BARNES: Well, the president will give another update on the investigation after he meets with his national security team today, and we expect those remarks around the lunch hour, Sandra, back to you.

SMITH: All right, Peter Barnes, thank you. Well, the deadliest mass shooting in U.S. history prompted Republican presumptive nominee, Donald Trump, to discuss his proposed immigration ban at length. Listen.


TRUMP: When I'm elected, I will suspend immigration from areas of the world where there's a proven history of terrorism against the United States, Europe, or our allies. Until we fully understand how to end these threats. After a full.


TRUMP: Thank you. And by the way, we have no choice.


SMITH: let's bring in Saba Ahmed, president of the Republicans Muslim coalition, and Sajid Tarar, president of American Muslims for Trump. Saba, I want to begin with you first, do you agree with Donald Trump's position that he's making?

SABA AHMED, REPUBLICANS MUSLIM COALITION PRESIDENT: Well, first of all, I would like to urge that Muslim-Americans stand in solidarity and strongly condemn the Orlando tragedies, it was completely horrific crime against humanity. We are very much shocked by the acts of this individual, but I don't think blaming an entire religion and 1.7 billion Muslims for the acts of a single criminal is fair. I think we need to look at carefully who is coming into the country, but as we know, this person was born and raised in the United States, so I think there's much more to this discussion than just blaming an entire faith.

SMITH: Do you feel that that's what Donald Trump is doing with his statement?

AHMED: I think Donald Trump is kind of just targeting radical Islam, which is absurd because I don't think blaming an entire faith is the right approach. I think Donald Trump is very strong on national security, which is good, but we definitely need to be much more cautious about not alienating all of the Muslim world.

SMITH: OK. So, Sajid, you take a completely different stance on this?

SAJID TARAR, AMERICAN MUSLIM FOR TRUMP PRESIDENT: Yes, first of all, good morning for having me, and thank you for having me. I wanted to add a few things. I'm a Muslim-American, I was born and raised Muslim and I love this country more than my life. I'm an American, and we have lost 50 Americans and my heart is bleeding today, and they are a part of my prayers. And I strongly condemn and I reject the ideology of radical views that is growing all over.

SMITH: Sajid, do you support Donald Trump's ban on Muslim though?

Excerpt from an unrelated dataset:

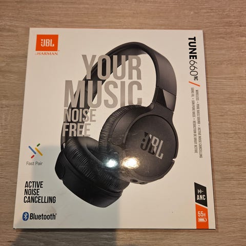 Selger et par JBL Tune 660NC trådløse hodetelefoner med aktiv støydemping og svært god batteritid. Et lett og praktisk headset som er perfekt til pendling, reise, jobb og hjemmebruk.

TARAR: I support that this is -- let me tell you. This is what he has said that we have to stop immigration of refugees from the watchable areas. And look at this, today this Orlando shooter, he's father was immigrant -- not an immigrant, he was a refugee from Afghanistan. He's absolutely right that we have to stop and revisit and rethink about the people bringing from different part of the world where the trouble is coming from.

SMITH: OK. So, Saba, what's your respond to that?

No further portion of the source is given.